发布时间:2023-03-28 14:00
目录
1、获取当前薪水第二多的员工的emp_no以及其对应的薪水
2、 对所有员工的薪水按照salary降序进行1-N的排名
3、获取所有非manager员工当前的薪水情况
4、 获取有奖金的员工相关信息
5、统计salary的累计和running_total
6、给出employees表中排名为奇数行的first_name
7、异常的邮件概率
8、牛客每个人最近的登录日期(二)
9、牛客每个人最近的登录日期(三)
10、牛客每个人最近的登录日期(四)
11、牛客每个人最近的登录日期(六)
12、考试分数(三)
13、考试分数(四)
14、牛客的课程订单分析(四)
15、 牛客的课程订单分析(七)
16、 最差是第几名(二)
17、获得积分最多的人(二)
18、 网易云音乐推荐(网易校招笔试真题)
select s.emp_no, s.salary, e.last_name, e.first_name
from salaries s join employees e
on s.emp_no = e.emp_no
where s.salary = -- 第三步: 将第二高工资作为查询条件
(
select max(salary) -- 第二步: 查出除了原表最高工资以外的最高工资(第二高工资)
from salaries
where salary <
(
select max(salary) -- 第一步: 查出原表最高工资
from salaries
where to_date = '9999-01-01'
)
and to_date = '9999-01-01'
)
and s.to_date = '9999-01-01
select emp_no, salary,
dense_rank() over(order by salary desc) t_rank
from salaries
order by t_rank,emp_no asc;
select de.dept_no, e.emp_no, s.salary
from employees e, dept_emp de, salaries s
where e.emp_no = de.emp_no
and e.emp_no = s.emp_no
and e.emp_no not in (select emp_no from dept_manager where to_date = '9999-01-01')

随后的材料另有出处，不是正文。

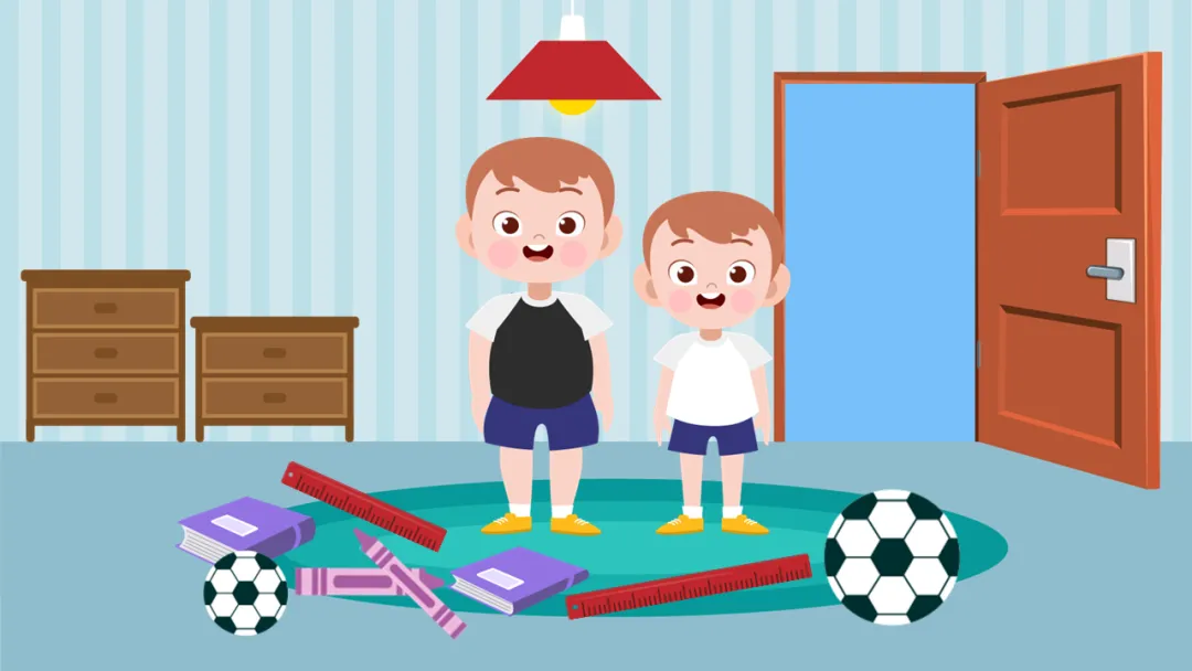 提问:仔细观察双胞胎在家时和外出时的房间,你们能找到藏着的反义词么?

select e.emp_no, e.first_name, e.last_name, eb.btype, s.salary,
(case eb.btype
when 1 then s.salary * 0.1
when 2 then s.salary * 0.2
else s.salary * 0.3
end) as bonus
from employees as e
join emp_bonus as eb on e.emp_no = eb.emp_no
join salaries as s on e.emp_no = s.emp_no
where s.to_date = '9999-01-01'
order by emp_no;
select emp_no,
salary,
sum(salary) over(order by emp_no) as running_total
from salaries
where to_date="9999-01-01"
select e.first_name
from employees as e
join (
select first_name,
row_number() over (order by first_name) as rk_name
from employees) as r
on e.first_name = r.first_name
where r.rk_name % 2 = 1
select e.date
,round(sum(case type when 'no_completed' then 1 else 0 end)/count(e.id),3) as p
from email e
join user u1 on e.send_id = u1.id
join user u2 on u2.id = e.receive_id
where u1.is_blacklist = 0 and u2.is_blacklist=0
group by e.date
order by e.date;
查询每个用户最近一天登录日子,用户的名字,以及用户用的设备的名字
select u.name u_n,c.name c_n,l.date from login l
inner join user u on l.user_id = u.id
inner join client c on l.client_id = c.id
where (l.user_id,l.date) in(
select user_id, max(date) from login
group by user_id)
order by u_n
# select 子句中只能存在以下三种元素:常数、聚合函数、group by子句指定列(聚合键)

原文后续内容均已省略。